I took the piece in a completely different direction. I got the idea from standing in the windswept top of the Golden Mountain - then one of the tallest things in the city, though it is completely dwarfed now - and looking over the cityscape at twilight.
Starting with an eerie, quasi-serial texture of solo strings, flute and harp (the harp part had to be carefully written as Thailand only had one harpist in those days) the piece started by evoking a sort of quasi-Bartokian (or perhaps George-Crumbian) night-music and then out of the ghostly miasma there finally came the sound of M.L. Puangroi's melody, played on a khong wong like a half-remembered dream.
Well, the thing is, the two textures - post-serial and Thai - had never been pitted together before. There had always been the idea that Thai instruments would somehow have to be adapted (that is, retuned to a western scale) to blend with western instruments, or that western instruments would have to play Thai melodies with silly, illogical harmonizations. There had never been an attempt at synthesis in which each element completely preserved its own identity and aesthetic. That, you see, was shocking, and it was also "phid khru", meaning that it went against the handed-down teaching on traditional music and was therefore a violation of the ancestral precepts.
The piece was played on TV anyway, during prime time (no soap operas to compete in those days!) and M.L. Puangroi was reportedly pretty shocked (though later on she took it in stride). One viewer called the station to say that the music had got a dog to start howling outside and that he had thought it was part of the piece. Nop Sotthibandu, the famous Thai jazz violinist, said that ghosts of old Bangkok actually came out of the TV screen. The piece was, indeed, infamous.
And it was also a piece that could not exist without Thai-ness specifically, because later that year the piece was performed at the Asian Composers' Conference in Manila, and there was no khong wong. Instead, a gamelan instrument was used and it was not of course tuned in the specifically Thai way. The entire piece fell, to my mind, completely flat, which was embarrassing since it was played in front of several major world composers.
In fact, I said it was a lousy piece in front of a bunch of them. Jan W. Morthenson, well known Swedish composer, said "Don't worry, Somtow, we all have them." Lou Harrison, the perhaps much more well known American composer, said, "Nonsense, Somtow. It's a lovely piece."
It has not been heard since then.
Now, if musicologists follow the sequence of events properly, they will see that View from the Golden Mountain has turned out to a piece of huge historical import. What was shocking in 1975 is commonplace today.

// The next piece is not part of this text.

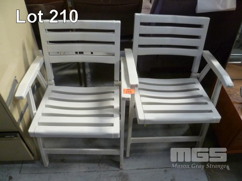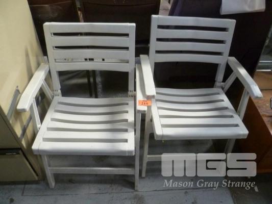 PAIR OF WHITE, PLASTIC OUTDOOR CHAIRS

The fusion of Thai and western in musical forms has permeated to the level of pop music and film music, and no one would think of decrying it as sacrilegious or against traditionalism.
I was not in Thailand to see the revolution work out, however. After pieces like Views and the considerably more fully-imagined Gongula were done, and after Bruce Gaston, Dnu Huntrakul and I created more such pieces and battered ourselves against the walls of public ennui and critical vitriol, I burned out. It took me only about 3 years for me to pack up and go into the sunset ... literally heeding the traditional command to "Go west, young man." In a sense, all three of us "sold out" - the others heading towards the more profitable vineyards of populism and commercial music, I towards an even stranger future as a novelist.
The revolution took its own good time. It happened without any fuss, while our backs were turned. Today, musicians in this country do not even know that a revolution had to occur for them to be able to play and create music the way they can today. And that of course is the mark of a true revolution; once it has occurred, all memory of it should fade away. Or, as Karl Marx put it, "wither" away.
I myself will not step in that river a second time. I have said all I needed to say in that idiom and reinvented myself as a "kinder, gentler" composer.
But seeing this picture of my sweet, sensitive self, before I became corrupted by time and doubt, made me think of that piece again. It may be time to bring it back. I wonder if it would hold up.
I was looking for the score the other day ... I haven't found it, but I know it is around somewhere....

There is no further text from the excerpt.